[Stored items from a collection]

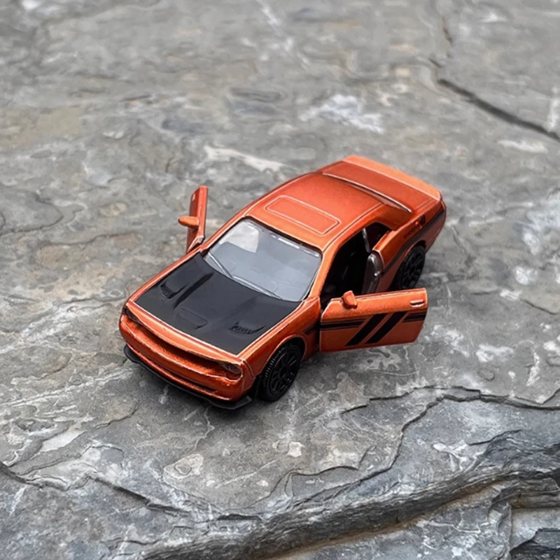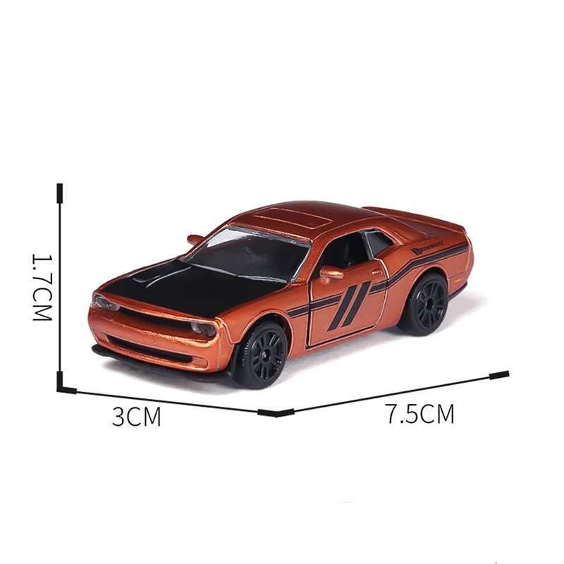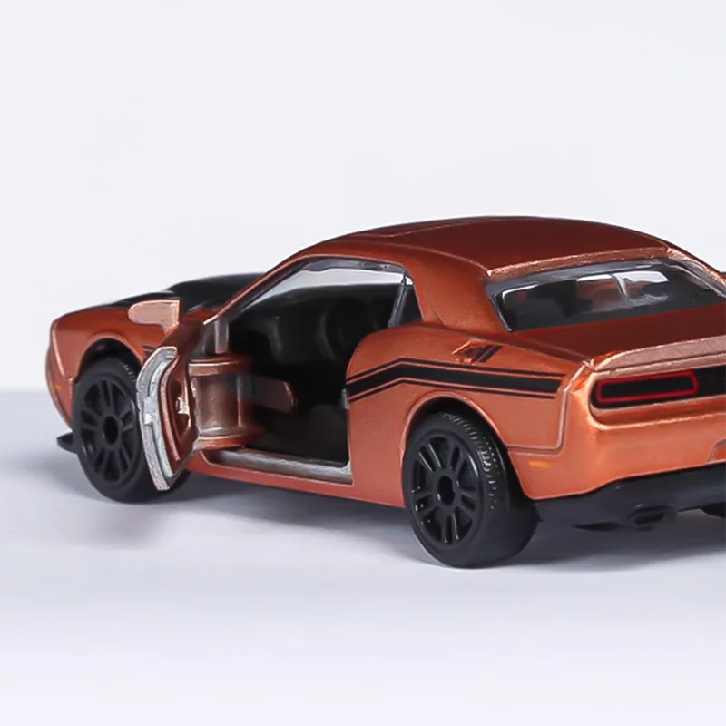 Experience the thrill of owning a meticulously crafted 1:64 scale diecast model of the Dodge Hellcat Challenger SRT, expertly made from alloy and plastic. Its striking metallic copper or bronze finish enhances every curve and line, giving it a premium, luxurious appearance. The glossy surface reflects light beautifully, showcasing the detailed design elements like the bold front grille, headlight features, and hood scoop. Black racing stripes run along the sides, contrasting sharply with the vibrant metallic hue and emphasizing its sporty, aggressive personality. Perfect for collectors or enthusiasts, this model is an eye-catching decorative piece that captures the essence of the original vehicle’s design. It’s a compelling item for display in any setting, reminding you of high-performance automotive craftsmanship.
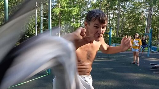 Двоечка, боковой и вертушки ногами. Краткий обзор тренировки с растяжкой.
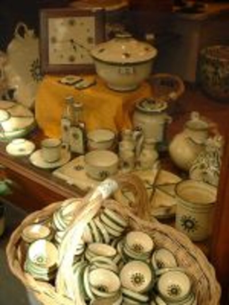 トスカーナ南部で多く見られるヒマワリと、緑と黄色の配色がいかにもな食器はトスカーナ土産にピッタリ。にんにく保存用の壷や、
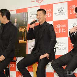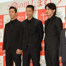 EXILEのAKIRA、小林直己(兼三代目J Soul Brothers from EXILE TRIBE)、劇団EXILEの青柳翔が17日、都内にて行われた『ご縁の国しまね』プレス発表会に溝口善兵衛島根県知事とともに出席。同県の伝統製鋼である「たたら吹き」を題材に、EXILE HIROが初プロデュースする映画『たたら侍』(来春公開予定)にメインキャストとして出演する3人が昨年に引き続きイメージキャラクターを務めることが発表され、今年度のポスタービジュアルが発表された。
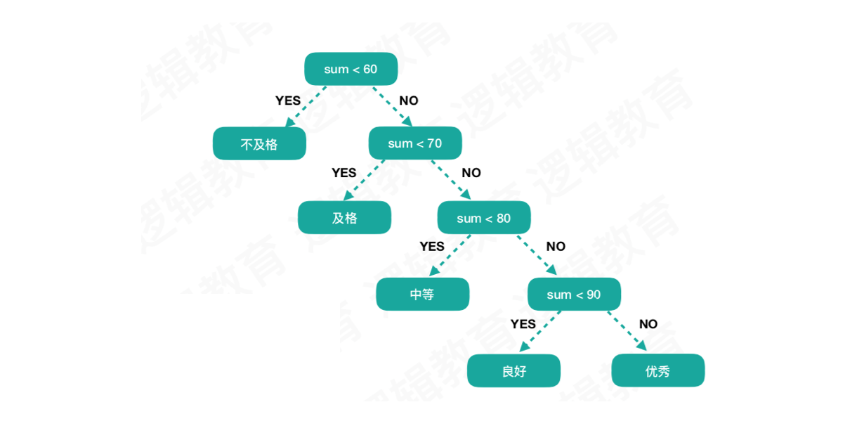 我们可以根据成绩分布所占比例(A:不及格,B:及格,C:中等,D:良好,E:优秀),来决定先对70-79范围进行判断,因为这个分数段的所占比例是最大的,从大到小依次进行判断。
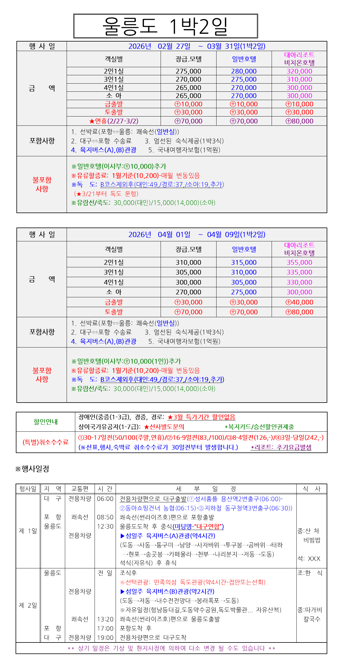 [매일출발] 울릉도&독도 3월특가 쾌속선 1박2일
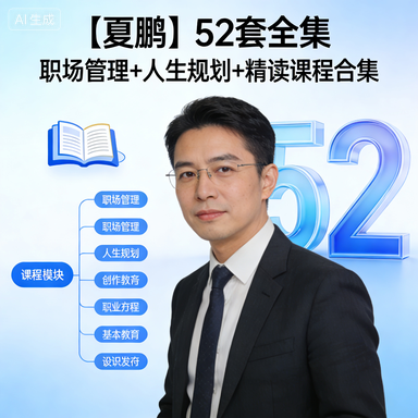 核心亮点:由夏鹏亲授,以 **“实战技能 + 认知升级 + 经典赋能”** 为核心,课程覆盖职场沟通、情绪管理、职业规划、副业变现、商业认知等全维度能力,搭配多本经典书籍精读与人生管理方法论,是一套从职场生存到人生破局的一站式成长方案。
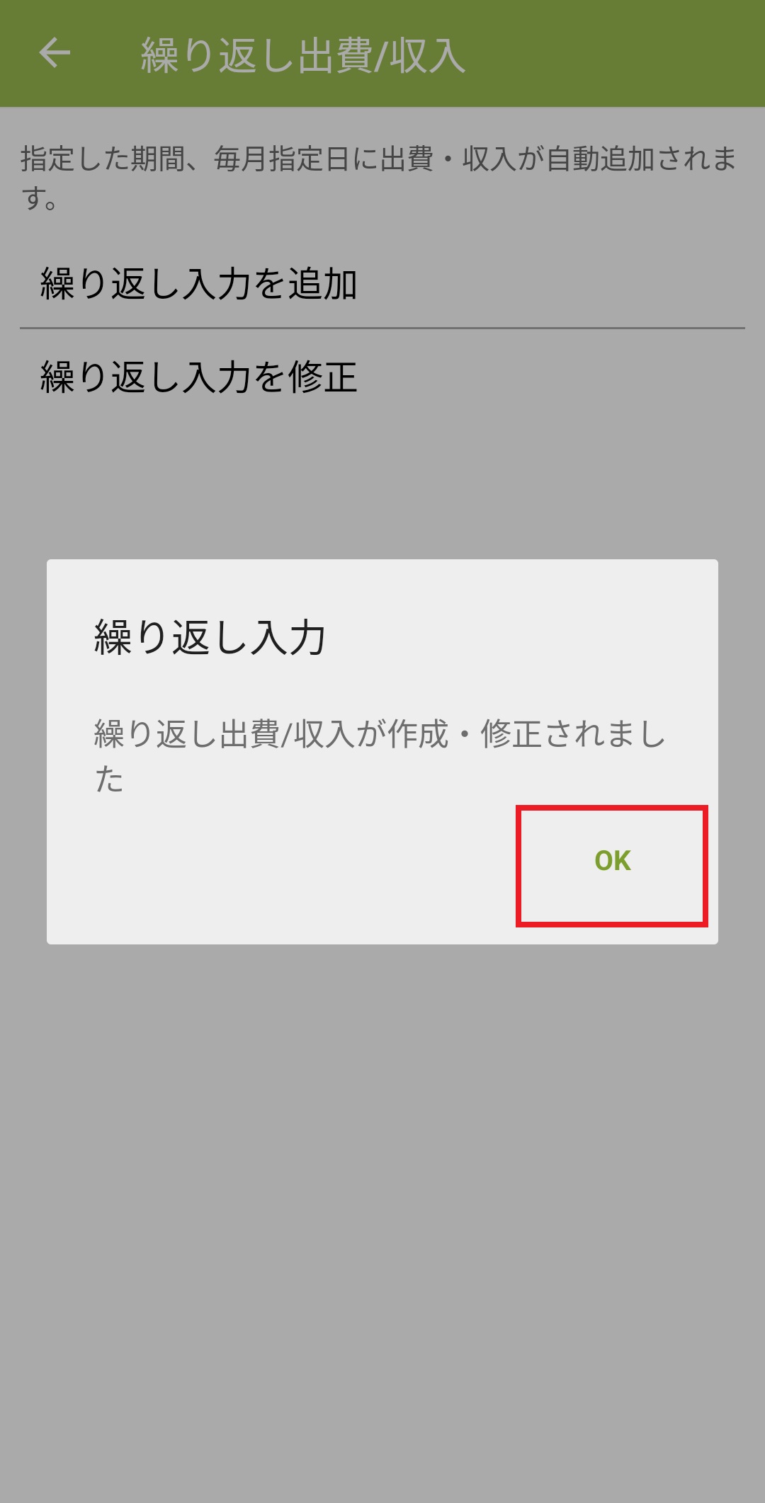 13.繰り返し入力のメッセージが表示されたら、「OK」ボタンを押します。
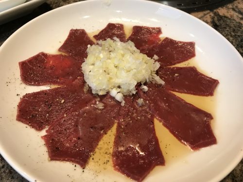 まずはユッケ!パックに入っているユッケではなくてちゃんと自社でさばいたユッケです!許可を持つのは相当難しいのですが、さすがはふるさとさん!一頭買いで自社設備が整っていらっしゃいますからね!とってもおいしい~!
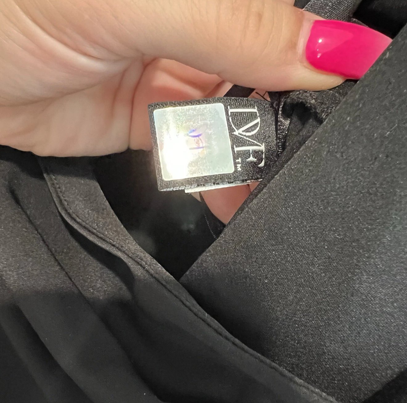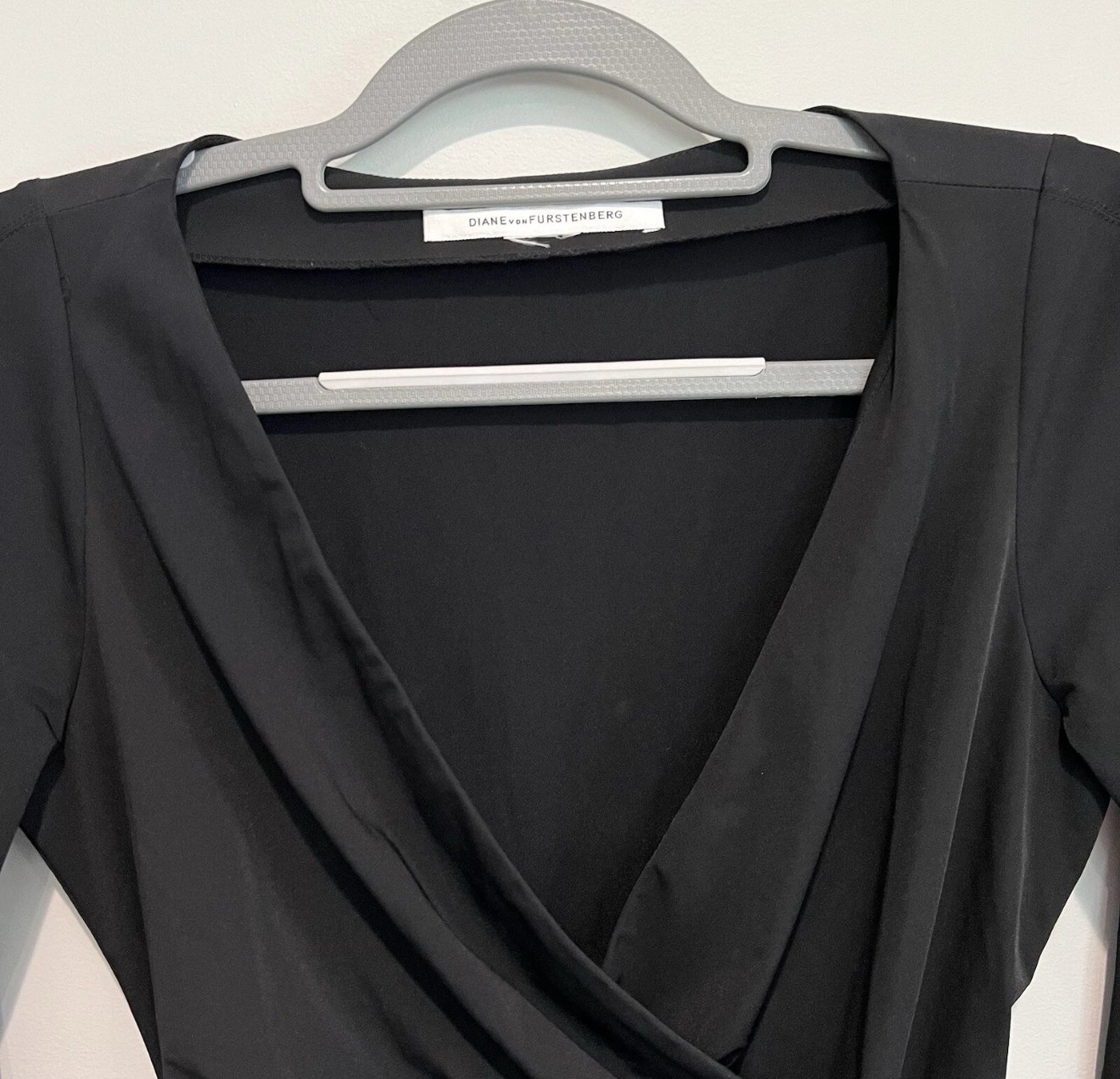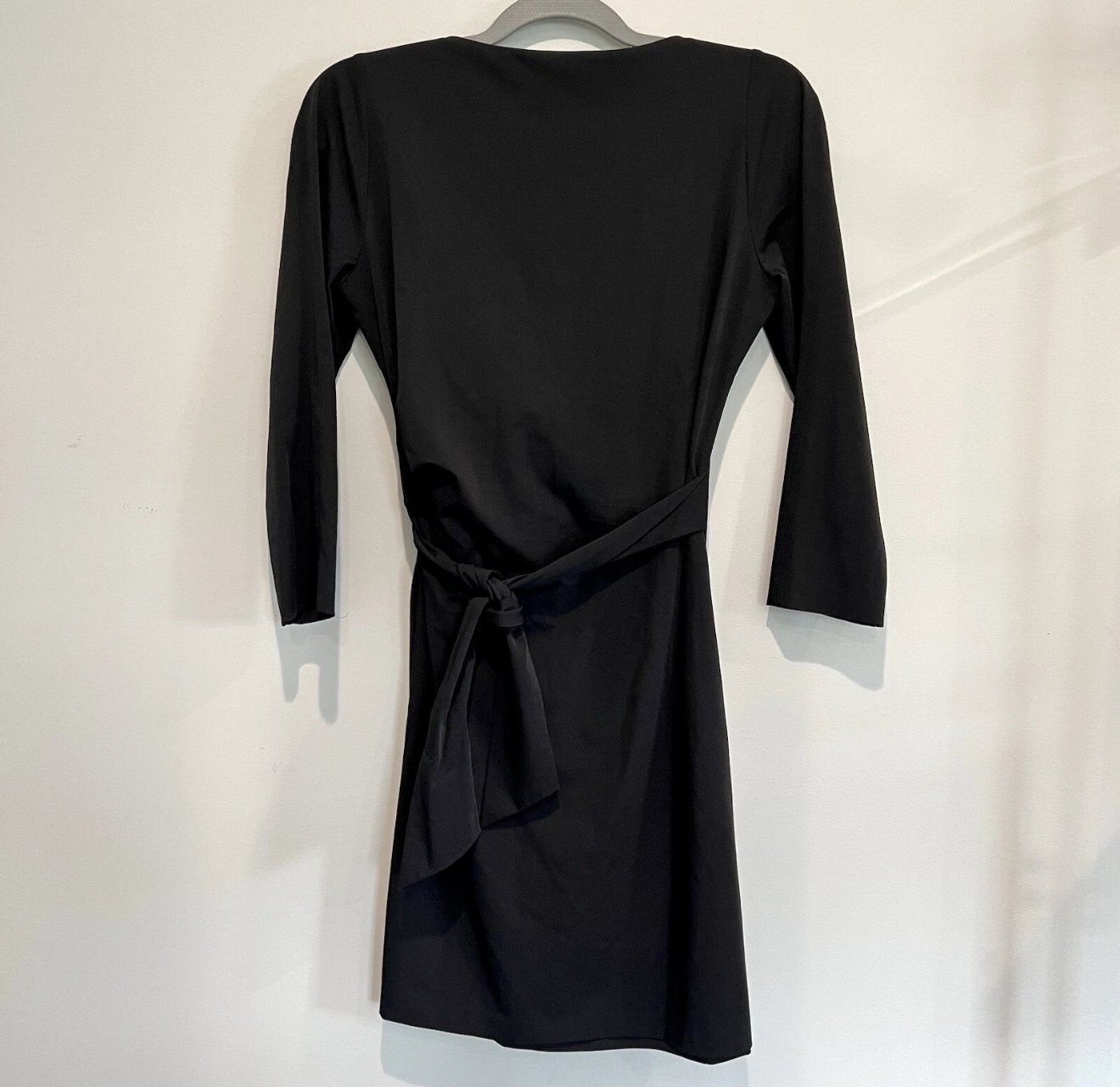 Diane Von Furstenberg Black Nylon Stretch Faux Wrap 3/4 Sleeve Dress - size Small

Exercise aim:
Say again, word for word, every line from the one with "まずはユッケ!パックに入って" through the last line of the data above, minus the pictures.

Answer:
 まずはユッケ!パックに入っているユッケではなくてちゃんと自社でさばいたユッケです!許可を持つのは相当難しいのですが、さすがはふるさとさん!一頭買いで自社設備が整っていらっしゃいますからね!とってもおいしい~!
 Diane Von Furstenberg Black Nylon Stretch Faux Wrap 3/4 Sleeve Dress - size Small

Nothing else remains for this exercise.